Il serait donc envisageable de se poser la question de la capacité d’accueil journalière de l’île en connectant scientifiques et gestionnaires préservant le site et sa biodiversité et, par conséquence, l’économie touristique qu’il génère. *»
- Sources* : « Plan d’intentions paysagères et proposition d’aménagement pour l’île Lavezzu », Braccalenti Nans, OEC, RNBB et Rapport d’activités de la réserve naturelle des bouches de Bonifacio, 2015.
Lavezzu, 11 août 2004
En attente de la navette, déjà en 2004
Devant ce constat, une étude a été commandée qui consiste en un projet de réaménagement de l’île pour canaliser la fréquentation, restaurer les milieux dégradés et donc tenter de limiter l’impact touristique. Elle préconise la mise en place de balisages adaptés, d’aménagements (escaliers, passerelles, platelages de bois, ganivelles) afin de limiter les impacts des visiteurs sur les sites fragiles, et de sacrifier certaines zones pour mieux en protéger d’autres plus sensibles (cœurs d’habitats, zones importantes pour des espèces menacées et/ou protégées, etc.)
Mais, si les mesures de gestion restauratoire permettent de diminuer l’ampleur des impacts de la fréquentation, ces techniques de génie écologique ne peuvent parfois que traiter une partie du problème, ou n’y remédier que pour un temps.
Or, l’hyper fréquentation dépasse manifestement les capacités d’accueil du site. L’ancien plan de gestion préconisait 150 000 visiteurs. Les niveaux maximums supportables sont largement dépassés.
Toujours d’après cette étude : « En ce qui concerne la satisfaction touristique, 20 % seulement des visiteurs sont très satisfaits et 30 % sont dérangés par une affluence touristique trop importante. » De fait, les retours perçus par les différents acteurs sont de plus en plus négatifs. L’attractivité du site va s’en trouver amoindrie, risquant d’entraîner à terme la dégradation de son image et une certaine désaffection.
Le seuil d’équilibre entre conservation et fréquentation est donc aujourd’hui dépassé dans les deux réserves naturelles les plus emblématiques et les plus fréquentées de Corse, Scandula et Lavezzi.
L’Office de l’environnement de la Corse et les gestionnaires des réserves semblent avoir pris la mesure du problème et ont déclaré ne plus faire de publicité. Pour que cette décision soit cohérente, les Offices du tourisme et les communes concernées devraient impérativement adopter la même consigne sur leurs sites internet, blogs, pages Facebook très consultés.
Pour ces deux réserves, c’est essentiellement le nombre de rotations des sociétés de promenade en mer qui pose problème ainsi que le comportement de certains (sirènes, haut-parleurs…).
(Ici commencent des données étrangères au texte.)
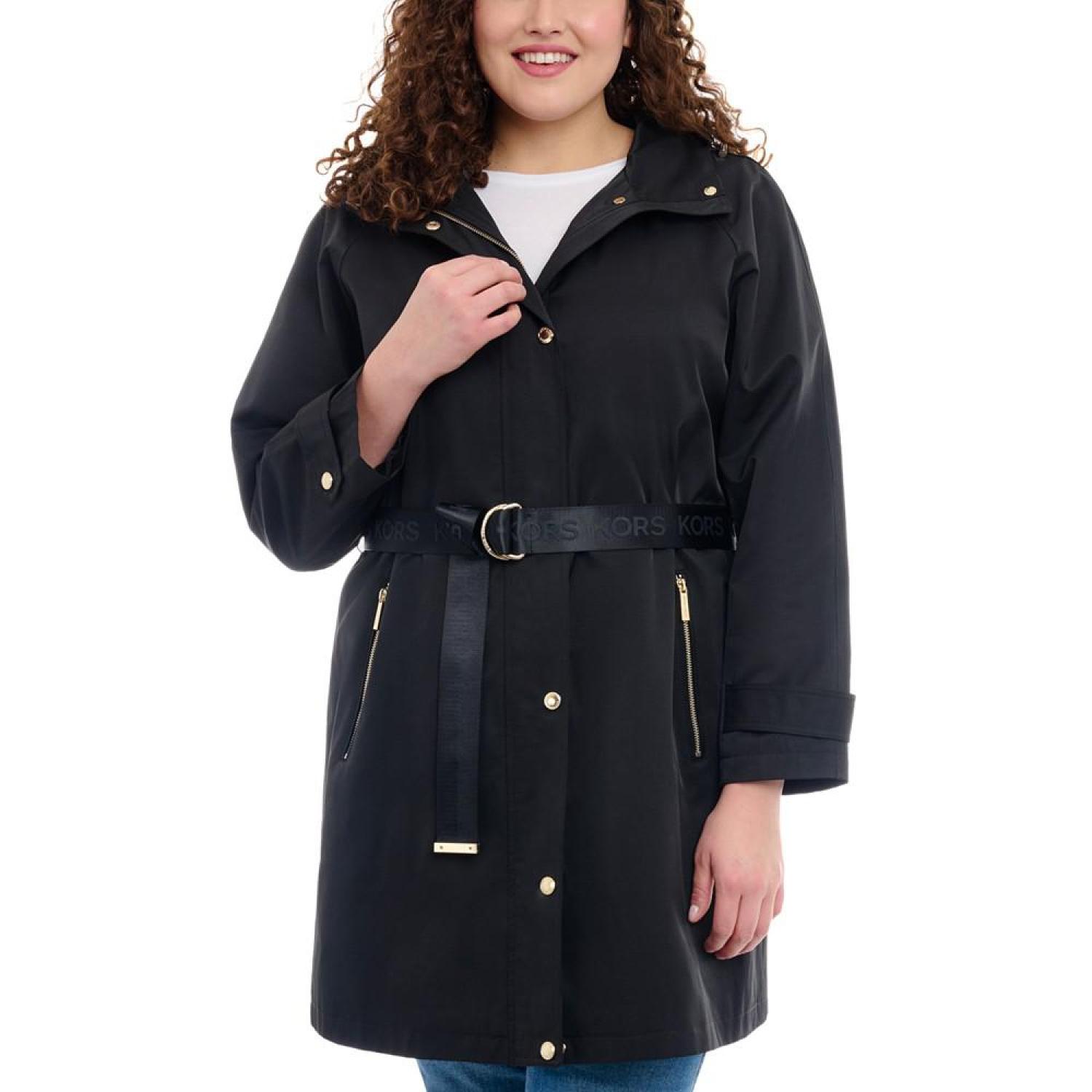 A chic logo belt with D-ring hardware defines the waistline of this hooded plus size trench coat from MICHAEL Michael Kors.

En augmentant chaque année ce nombre, les bateliers tuent leur « poule aux œufs d‘or »…Les gestionnaires (organismes publics) doivent absolument intervenir afin que les activités économiques ne mettent plus en danger ces joyaux, patrimoine de tous.
À l’heure où le développement durable d’une destination est perçu comme une priorité, certains acteurs n’hésitent pas à adopter des mesures fortes afin de contrôler, voire limiter par un quota les flux de touristes. Même si elles peuvent déplaire à l’industrie touristique, ces mesures sont devenues indispensables afin que soient assurées la préservation des sites et la pérennité de la destination.